In a systematic review, Thabtah and Peebles [13] evaluated and critically analyzed 37 different ASD screening tools to identify possible areas that need to be addressed through further development and innovation [13].

In another analysis, Thabtah et al. [14] proposed a new machine learning framework related to screening autism for adults and teenagers containing vital characteristics. The results obtained reveal that the machine learning technology was able to generate classification systems with acceptable performance in terms of sensitivity, specificity, and precision, among others [14].

On the other hand, in a different approach, Neto et al. [15] presented the G-ASD, which consists of a prototype of a game to assist professionals in the field of psychology using the methodology of Applied Behavior Analysis (ABA) in teaching children’s learning with Autism Spectrum Disorder (ASD) [15]. The G-ASD shows how important the use of games is in the process of building the knowledge of children with autism, assisting the professional in teaching colors to autistic children. From a social and pedagogical perspective, Lampreia [16] evaluates the official instruments for the diagnosis of autism and comments that, due to the intention of unifying them, it harms some areas such as social interaction, communication, interests, and development activities. Costa et al. [17] address the difficulty of including autistic people in the information technology segment and highlight information for analysis and discussion regarding the inclusion of autistic people in higher education and the respective job market in the area of information technology.

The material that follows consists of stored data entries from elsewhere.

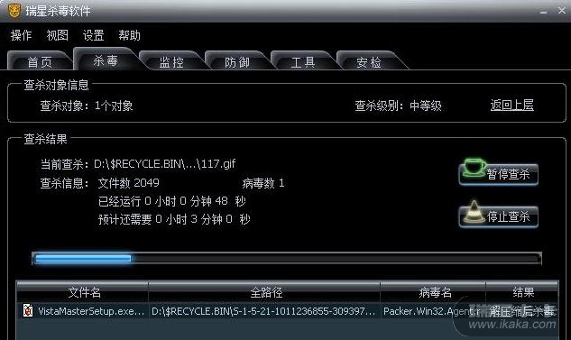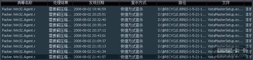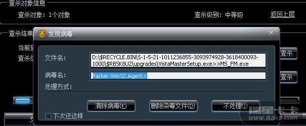 的时候瑞星又查出毒了,这次不在C盘了D却有了,路径是:D:\$RECYCLE.BIN\S-1-5-21-1011236855-30
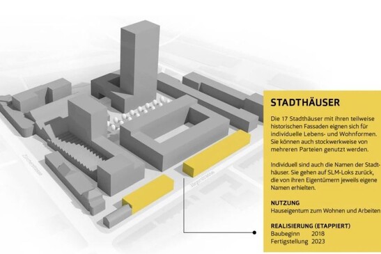 The Lokstadt townhouses - like the entire site - are designed according to the goals of the 2000-watt society. They are built according to the Minergie-Eco standard, and special attention is paid to the choice of materials. For this reason, the townhouses are largely made of wood from the first floor up. The wooden construction remains clearly visible with the columns and beams in the interior. The ARGE KilgPopp Architekten and Baumberger & Stegmeier Architekten designed the townhouses with the partially historic facades. Timbatec was allowed to accompany the planning team in the areas of structural analysis, fire protection and works planning.
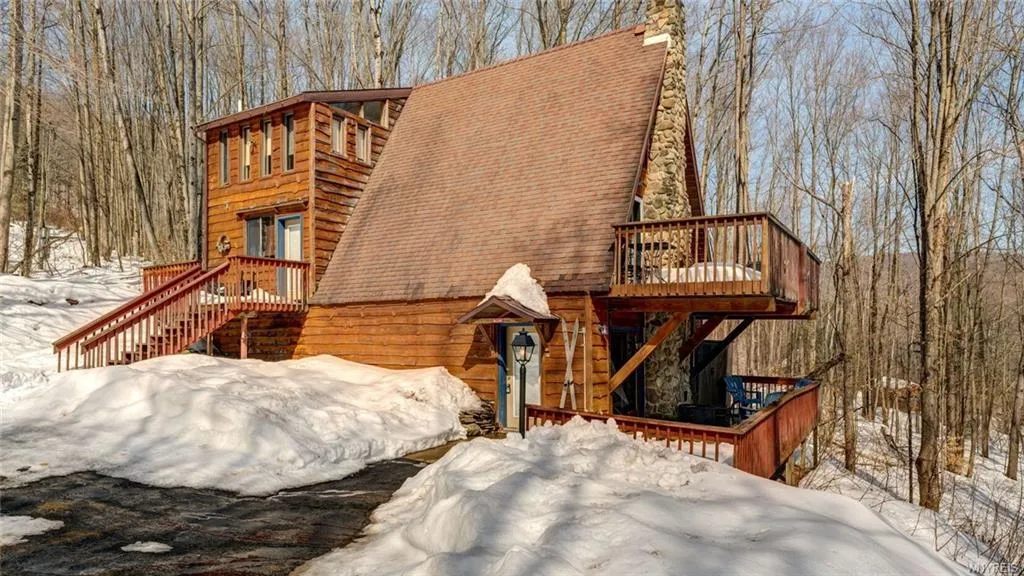 Surrounded by thousands of acres of State Forest and offering good cell service, get the best of both worlds with this timeless chalet. Tucked away in a peaceful wooded setting with incredible hilltop views, this property is close enough to Ellicottville to use as a vacation home, or to use full-time as a permanent residence. Major updates since last sale include a full kitchen remodel with granite countertops, stainless steel appliances, cabinetry, flooring, and stone backsplash; heated ceramic flooring and barn wood beams/walls on first floor, French drain around perimeter, primary driveway blacktopped and resealed; refer to listing attachments for full list of improvements. Sold fully furnished minus a few personal items. The owner will have a new metal roof installed in April or will offer a credit at closing. Showings can begin immediately and offers will be reviewed on a first come, first serve basis. This sale also includes Catt. Co. Tax ID # 61.001-2-12.13.
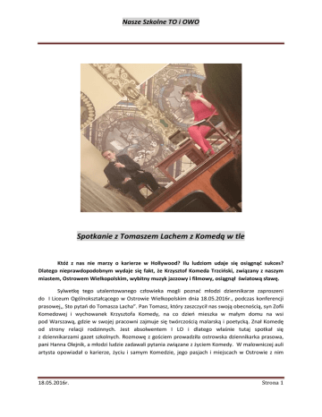 Nasze Szkolne TO i OWO Spotkanie z Tomaszem Lachem z Komedą w tle Któż z nas nie marzy o karierze w Hollywood? Ilu ludziom udaje się osiągnąć sukces? Dlatego nieprawdopodobnym wydaje się fakt, że Krzysztof Komeda Trzciński, związany z naszym miastem, Ostrowem Wielkopolskim, wybitny muzyk jazzowy i filmowy, osiągnął światową sławę. Sylwetkę tego utalentowanego człowieka mogli poznać młodzi dziennikarze zaproszeni do I Liceum Ogólnokształcącego w Ostrowie Wielkopolskim dnia 18.05.2016r., podczas konferencji prasowej,, Sto pytań do Tomasza Lacha”. Pan Tomasz, który zaszczycił nas swoją obecnością, syn Zofii Komedowej i wychowanek Krzysztofa Komedy, na co dzień mieszka w małym domu na wsi pod Warszawą, gdzie w swojej pracowni zajmuje się twórczością malarską i poetycką. Znał Komedę od strony relacji rodzinnych. Jest absolwentem I LO i dlatego właśnie tutaj spotkał się z dziennikarzami gazet szkolnych. Rozmowę z gościem prowadziła ostrowska dziennikarka prasowa, pani Hanna Olejnik, a młodzi ludzie zadawali pytania związane z życiem Komedy. W malowniczej auli artysta opowiadał o karierze, życiu i samym Komedzie, jego pasjach i miejscach w Ostrowie z nim 18.05.2016r. Strona 1 Nasze Szkolne TO i OWO związanych. Młodych dziennikarzy interesowały odpowiedzi na pytania, jakim człowiekiem był w szkole, w gronie przyjaciół, w domu? Gość odpowiadał chętnie i wyczerpująco. Krzysztof Komeda Trzciński urodził się w Poznaniu w 1931r. Mieszkał w Częstochowie, Wałbrzychu. Do Ostrowa wraz z rodziną przeprowadził się w 1947r. Był drobny, niewysokiego wzrostu, o włosach koloru blond, z rudą poświatą latem, z lekko słabszą jedną nogą, po przebytej chorobie Heinego - Medina. I te właśnie cechy były przyczyną introwertyzmu Komedy. Uczęszczał do klasy o profilu humanistycznym ówczesnego Gimnazjum Męskiego, obecnie I LO, szkoły istniejącej od 1845r., zasłużonej dla wielkopolskiego szkolnictwa i tutaj otrzymał w 1950r. świadectwo maturalne. Z pseudonimem artystycznym ,,Komeda” związana jest zabawna historia. Mały Krzyś bawiąc się w wojnę, napisał na drzwiach ,,Komeda”, zamiast „Komenda”, co wywołało wśród kolegów kpiny pod jego adresem. Od tej chwili został Komedą. W ostrowskim liceum Komeda założył w 1948r. szkolny zespół muzyczny ,,Carioca”. Zaczął swingować i interesować się jazzem, razem ze swoimi przyjaciółmi, wbrew woli jego rodziców, którzy chcieli, aby syn był pianistą, gdyż w I połowie lat 50 jazz był muzyką zakazaną. Również w Ostrowie zaprzyjaźnił się z Witoldem Kujawskim. Kontrabasista jazzowy przechodząc koło mieszkania Państwa Trzcińskich usłyszał improwizacje, gdy Komeda grał mazurka Chopina. Młody artysta nie zdawał sobie sprawy, że te improwizacje to właśnie jazz. Dzięki szczęśliwemu zbiegowi okoliczności Komeda zaistniał w krakowskim środowisku jazzowym. Pod presją rodziców studiował medycynę. Studia w Akademii Medycznej w Poznaniu ukończył z wyróżnieniem w 1956r. Zaraz po studiach uciekł do Krakowa, gdzie odbywał się turniej jazzowy i gdzie poznał swoją przyszłą żonę i menedżerkę, Zosię. Występy Sekstetu Komedy, festiwale jazzowe oraz praca nad muzyką do filmów i spektakli pochłaniały kolejne lata artysty. Jako kompozytor filmowy zadebiutował w 1958r. muzyką do etiudy Romana Polańskiego „Dwaj ludzie z szafą”. W 1967r. na zaproszenie reżysera udał się do Hollywood. W 1968r. odniósł sukces komponując muzykę do jego filmu ,,Dziecko Rosemary”, ze słynną "Kołysanką" jako motywem przewodnim, a muzyka Komedy została nominowana do Oscara. Osiągnięta sława pozwoliła na korzystanie z wielu luksusów, o których nie mógł marzyć przeciętny artysta. Komedę było stać na realizację swoich zainteresowań. Od zawsze marzył o szybkich, sportowych samochodach, więc w jego zasięgu było porsche 911 i ford mustang. Uwielbiał też pływać i jeździć na nartach. Na sukces Komedy miał wpływ nie tylko talent, ale i nieprzeciętna pracowitość. Doceniony został też jego indywidualizm. Jak sam Pan Tomasz wspomniał, był pracoholikiem i perfekcjonistą. Tworzył rocznie średnio osiem kompozycji filmowych, wyjątkowych, które zdobywały nagrody. Dla porównania, współczesny artysta komponuje około czterech utworów. Po zakończeniu kompozycji urządzał spotkania w domu, gdzie zapraszał przyjaciół, przedstawiał efekty swojej pracy w celu wyłapania ewentualnych powtórzeń z innych utworów. Komeda był już wówczas tak znanym artystą, że spośród wielu kontraktów wybierał tylko te, które go interesowały. W 1968 r. podpisał intratny kontrakt z wytwórnią Paramount Pictures. Nic nie zapowiadało wielkiego nieszczęścia. 18.05.2016r. Strona 2 Nasze Szkolne TO i OWO W tym czasie przyjaźnił się z Markiem Hłaską, który również przyjechał do Los Angeles na zaproszenie Polańskiego. Niefortunny upadek nocą w pobliżu domu, którego świadkiem był Hłasko, spowodował ciąg dramatycznych zdarzeń: pobyt w szpitalu w Los Angeles, operacje, transport do Warszawy i śmierć artysty 23 kwietnia 1969 roku. W Hollywood był 16 miesięcy. Zmarł mając 38 lat, będąc u szczytu sławy. Krzysztof Komeda dla pana Tomasza, który poznał go mając pięć lat, a więc wówczas dziecka, potem młodzieńca, był bardziej „kumplem” niż ojcem, „dobrym człowiekiem, który przedkładał ponad wszystko negocjacje”. Dlatego z problemem wolał przyjść do niego, niż do swojej matki. Do mamy i ojczyma mówił po imieniu. Krzysztof Komeda był pionierem jazzu nowoczesnego w Polsce. Miał wpływ na rozwój międzynarodowej sceny jazzowej. Napisał muzykę do 65 filmów. Jak określił pan Tomasz Lach, ”był chodzącą muzyką”. W Ostrowie o tym wybitnym artyście przypominają między innymi kino „Komeda”, Zespół Szkół Muzycznych i Festiwal Filmowy jego imienia. Wędr

Several approaches are promoted to study neurological disorders. Maenner et al. [18] investigated the Random Forest algorithm in a set of autism data from the Georgia Autism and Developmental Disabilities Monitoring (ADDM) network, using phrases and words obtained in child development assessments. The dataset consists of 5,396 assessments for 1,162 children, of which 601 are on the spectrum. Random Forest classifiers were assessed on an independent test dataset that contained 9,811 evaluations from 1,450 children. The results reported that the Random Forest reached about 89% of the predictive value [18].

Finally, it is observed that the Random Forest algorithm has been used with an outstanding frequency in decision-making processes in the health area, mainly for ASD diagnosis and treatment. This was one of the main reasons for using the Random Forest in the present study as an algorithm that is part of the hybrid model now proposed.

3. A Methodology for the Autism Spectrum Disorder Diagnostic Protocol

The present study used the quantitative research method, looking for numbers, frequency of characteristics, and quantifiers in the responses to social and medical assessments of children diagnosed with ASD, candidates for the Benefit of Continuous Provision (BPC) of Social Security in Brazil. Also, a qualitative approach was used to interpret the results of the evaluations in the Brazilian medical-social context.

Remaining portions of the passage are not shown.